# Context
Example: The Table and TableSchema class

In [None]:
from modaic.context.base import ContextSchema, Molecular
import pandas as pd
from io import BytesIO
from typing import ClassVar, Type, Optional
import duckdb


class Table(Context):
    context_class: ClassVar[str] = "Table"
    name: str
    num_rows: int


class Table(Molecular):
    """
    A molecular context object that represents a table. Can be queried with SQL.
    """

    schema: ClassVar[Type[ContextSchema]] = TableSchema

    def __init__(
        self, df: pd.DataFrame, name: str, num_rows: int = 100, **kwargs
    ):
        """
        Initializes a Table context object.

        Args:
            df: The dataframe to represent as a table.
            name: The name of the table.
            **kwargs: Additional keyword arguments to pass to the Molecular context object.
        """
        super().__init__(**kwargs)
        self._df = df
        self.name = name
        self.num_rows = num_rows
 

    def query(self, query: str):  # TODO: add example
        """
        Queries the table.
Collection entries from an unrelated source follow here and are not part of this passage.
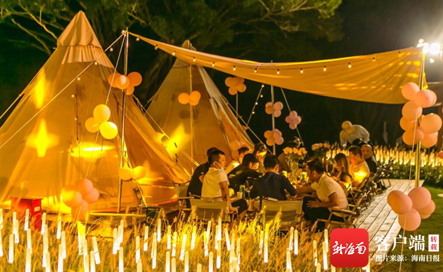 省內一些景區陸續推出了露營地,同時再搭配戶外電影、篝火晚會、海上運動等。“老牌景區”天涯海角游覽區打造了星空營地,將詩和遠方、音樂、美食、美酒、娛樂融為一體,當夜幕降臨,燈光點亮,游客圍坐一起,談天說地,氛圍舒適愜意。
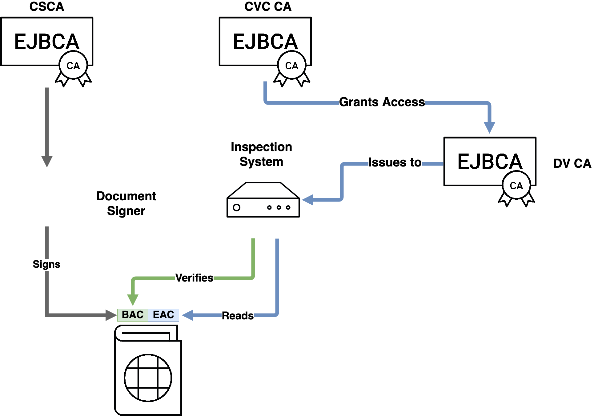 An extension of BAC, Extended Access Control also allows the passport to store biometric data such as fingerprints and iris/retinal scans. In order for partnering countries to authorize and control access to this data, each country needs to establish a CVC CA, that in contrary to the CSCA is based on the Card Verifiable Certificate (CVC) standard. To enable access, each country then needs to create a Document Verifier CA (DVCA), which is a Sub CA signed by the partnering country's CVCA. The DVCA can then issue certificates to Inspection Systems (IS) which are in turn authorized to read the protected fields in the ePassport's RFID chip. To facilitate the creation of Inspection Systems between countries, a Single Point of Contact (SPOC) is used.
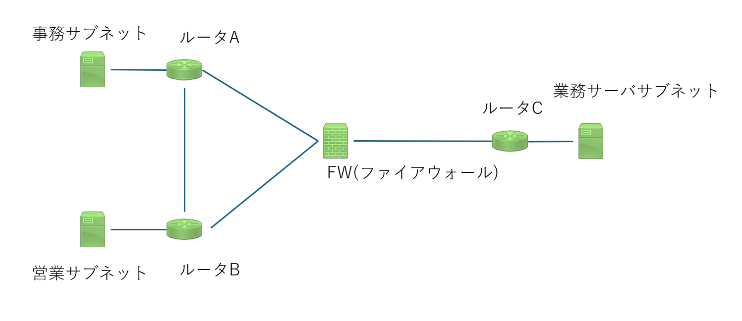 架空の会社であるA社では下記のように業務サーバサブネットへの通信については FW(ファイアウォール)を経由させることになっている。各ネットワーク機器は Juniper Network 社製のものを採用している。ルータA、B、Cはそれぞれ FW と直接つながっており、ルーティングには OSPF を用いている。また事務サブネットと営業サブネット間は FW を経由せずに通信が可能となっている。
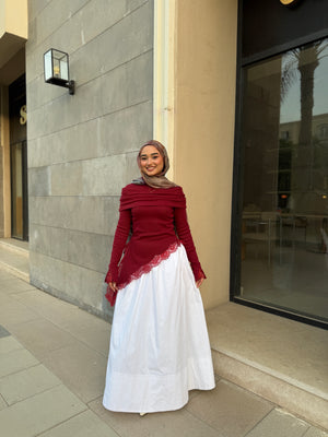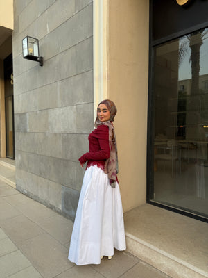 A flowy white poplin skirt featuring a ruched waist and a wide, airy silhouette for a feminine and effortless look. Fully lined for added comfort and coverage. Available in sizes S, M, and L.
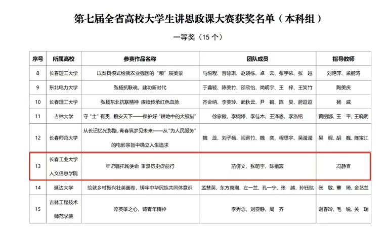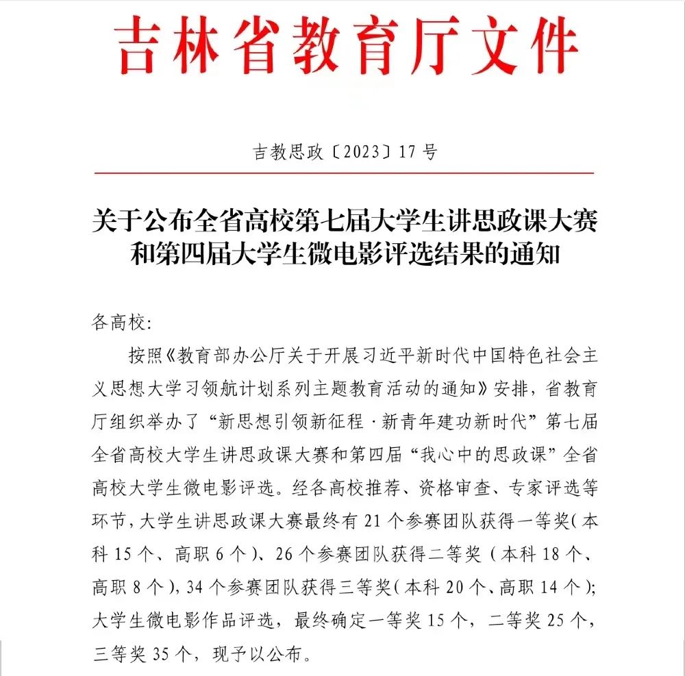 今年7至10月,按照《教育部办公厅关于开展习近平新时代中国特色社会主义思想大学习领航计划系列主题教育活动的通知》安排,吉林省教育厅组织举办“新思想引领新征程·新青年建功新时代”第七届全省高校大学生讲思政课大赛和第四届“我心中的思政课”全省高校大学生微电影大赛活动。
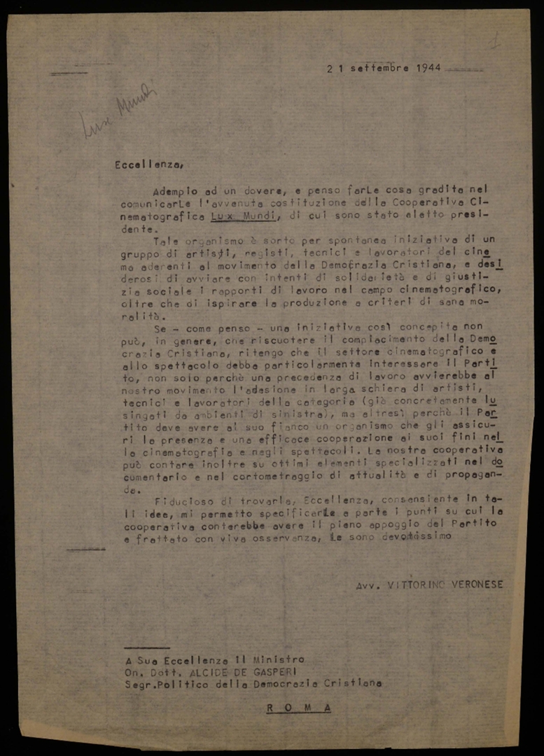 Lettera di Vittorino Veronese, presidente della cooperativa cinematografica "Lux Mundi", al ministro Alcide De Gasperi, segretario politico della Democrazia Cristiana

All queries run should refer to the table as `this` or `This`
        """
        return duckdb.query_df(self._df, "this", query).to_df()

    def markdown(self) -> str:  # TODO: add example
        """
        Converts the table to markdown format.
        Returns a markdown representation of the table with the table name as header.
        """
        content = ""
        content += f"Table name: {self.name}\n"

        # Add header row
        columns = [str(col) for col in self._df.columns]
        content += "| " + " | ".join(columns) + " |\n"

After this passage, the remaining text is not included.